Continuous close shifts this model by distributing R2R activities throughout the period. Bank reconciliations run daily. Intercompany matching happens in real time as transactions are posted. Standard accruals generate automatically when source data is available. When the period ends, the R2R cycle is 70 to 80 percent complete before the close window formally opens.

This is not aspirational. It is the current operating model for organizations with integrated data integration, automated reconciliation, and real-time intercompany matching. The close window compresses to consolidation, certification, and reporting, steps 6 through 8 of the R2R cycle,, because steps 1 through 5 have been running continuously.

The Record to Report solution from Arvexi is designed for this model: continuous processing throughout the period, with an accelerated close window that focuses your team's expertise on consolidation review, variance analysis, and stakeholder communication.

Frequently asked questions

What does Record to Report mean?

Record to Report is the finance process that begins with recording a transaction in the accounting system and ends with delivering financial statements and analysis to stakeholders.
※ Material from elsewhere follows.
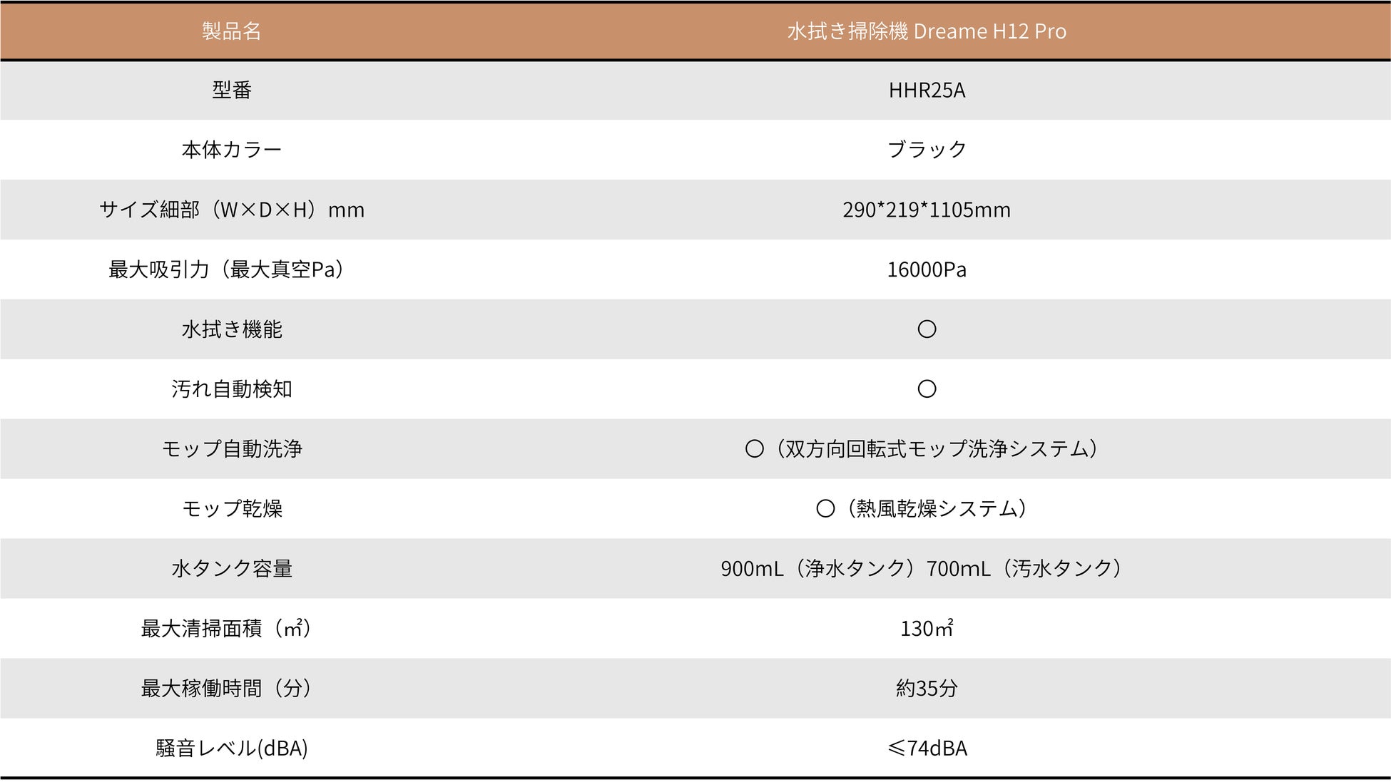 【水拭き掃除機 Dreame H12 Pro製品仕様】

It encompasses journal entry posting, sub-ledger management, account reconciliation, adjustments, intercompany elimination, consolidation, financial reporting, and variance analysis. R2R is sometimes called the financial close process, though technically the close is one phase within the broader R2R cycle.

How long does the R2R cycle take?

The R2R cycle runs continuously, but the intensive close phase, from period end to financial statement delivery,: typically takes 5 to 15 business days depending on the organization's complexity, number of entities, and level of automation. Best-in-class organizations complete the close phase in 3 to 5 days. The goal is not to eliminate time spent on R2R but to shift time from mechanical processing to analysis and judgment.

What is the difference between R2R and the financial close?

The financial close is a phase within R2R, not a synonym for it. R2R begins when transactions are recorded, which happens continuously throughout the period,, and extends through analysis and disclosure after the statements are produced. The financial close is the intensive window when reconciliation, adjustments, consolidation, and certification converge. Thinking of R2R as "just the close" misses the upstream and downstream activities that determine close quality.

Who owns the R2R process?

Ownership varies by organization. In most structures, the Controller owns R2R end-to-end, with the accounting manager responsible for day-to-day execution. Sub-ledger teams (AP, AR, payroll, fixed assets, leases) own steps 1 and 2. The general accounting team owns steps 3 and 4. The consolidation or corporate accounting team owns steps 5 and 6. Financial reporting and FP&A own steps 7 and 8. Effective R2R requires coordination across all of these teams, which is why close task management with dependency tracking is essential.

How do you improve the R2R process?

Start by mapping your current R2R cycle and measuring how much time each step takes. The bottleneck is almost always in reconciliation (step 3) or consolidation (steps 5-6). Automate the highest-volume steps first: transaction matching, balance certification, and currency translation deliver immediate time savings. Then address data quality upstream to reduce the volume of exceptions your team investigates. Finally, implement continuous close practices to distribute work throughout the period rather than concentrating it in the close window. For practical strategies on reducing close cycle time, start with the reconciliation and consolidation steps where the time savings are largest.